My son and I made it back into Michigan late Saturday night. Sunday was a slow day around the home front, as we picked up my brother, his family and my sister from the airport. They were tired. We were tired. Everyone basically went home and crashed. Today I took my son to play minautre golf and ride go karts, as you may have seen in the previous post.

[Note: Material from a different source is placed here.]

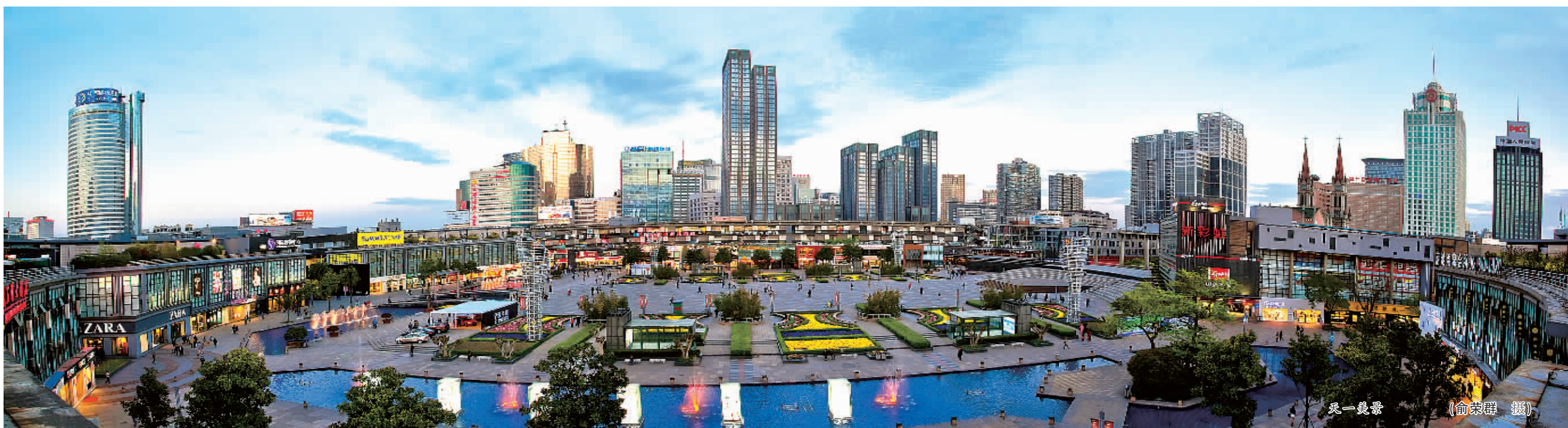
天一镜像

This past Thursday night the STBX hands me a copy of the separation agreement that her lawyer wrote up. It looks pretty straight-forward but I’m still going to have a professional review it for me. The stink of it is that there are a few things in there that she and I did not agree to. I don’t know what she was thinking giving it to me on a Thursday night. Surely she realizes that I wasn’t going to get anyone to look at it before Monday at the absolute earliest. Maybe she wasn’t thinking at all. Maybe it was all to well orchestrated: give it to me the night before I drive 800 miles across 5 states so I can just stew on it.
I did not shed a single tear when I left The House this time. It is no longer my home; nor did it feel as such. I know I’m in a better place today emotionally than I was 5 weeks ago, but I still feel that there’s a big void inside of me. I have no desire to get back together with her; but since a large part of my life was defined by our relationship, it;s going to take time for me to rediscover myself again.

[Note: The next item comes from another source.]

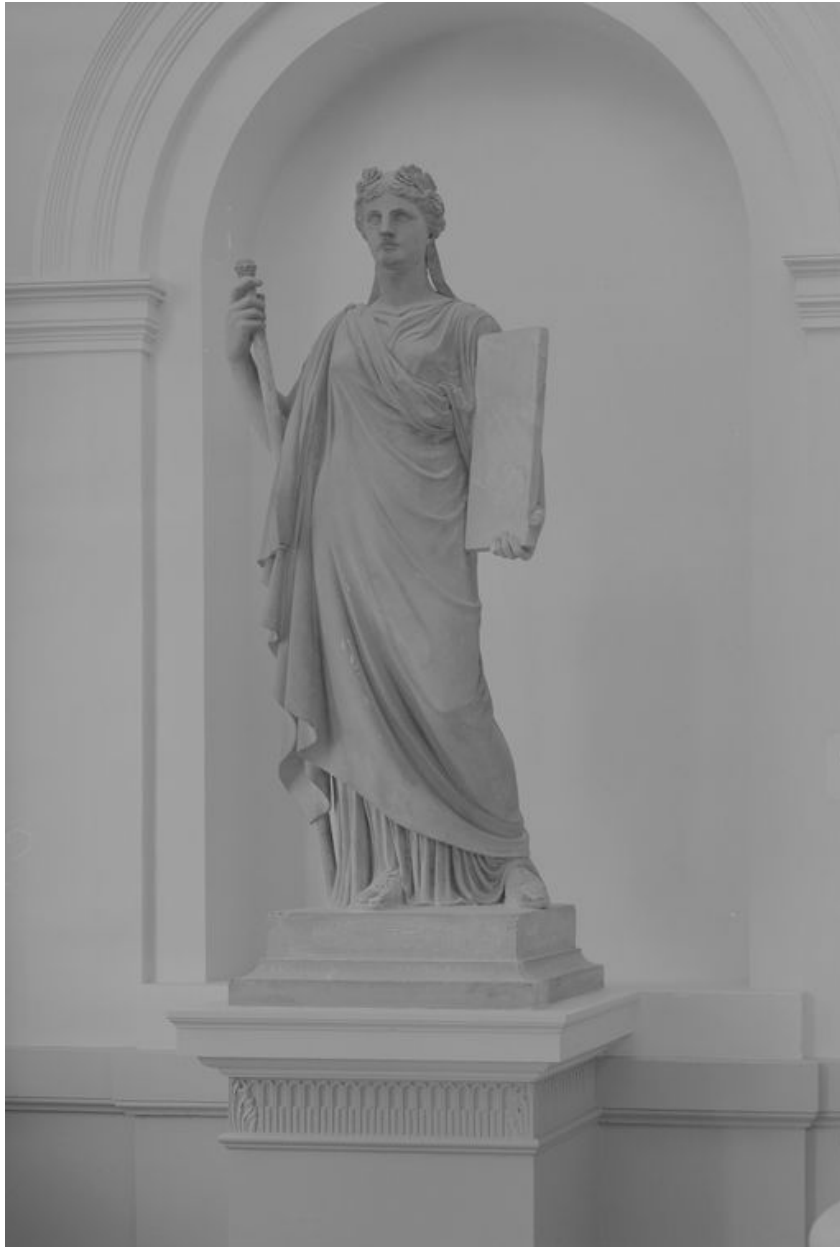
Statue représentant la Loi, par Sanson, 1873.

That’s what this blog is all about.
It’s been so much fun having my son here with me. Thank God I still have two more days with him. I cannot imagine how difficult these next few months are going to be as we all get back to our regularly-scheduled lives. If I’m lucky, the next time I see him will probably be Thanksgiving, maybe even Christmas.
Divorce truly brings out the worst in the people you think you know best. I’m not sure what’s worse – events that are unfolding now or knowing in hindsight that these feelings were obviously festering for some time.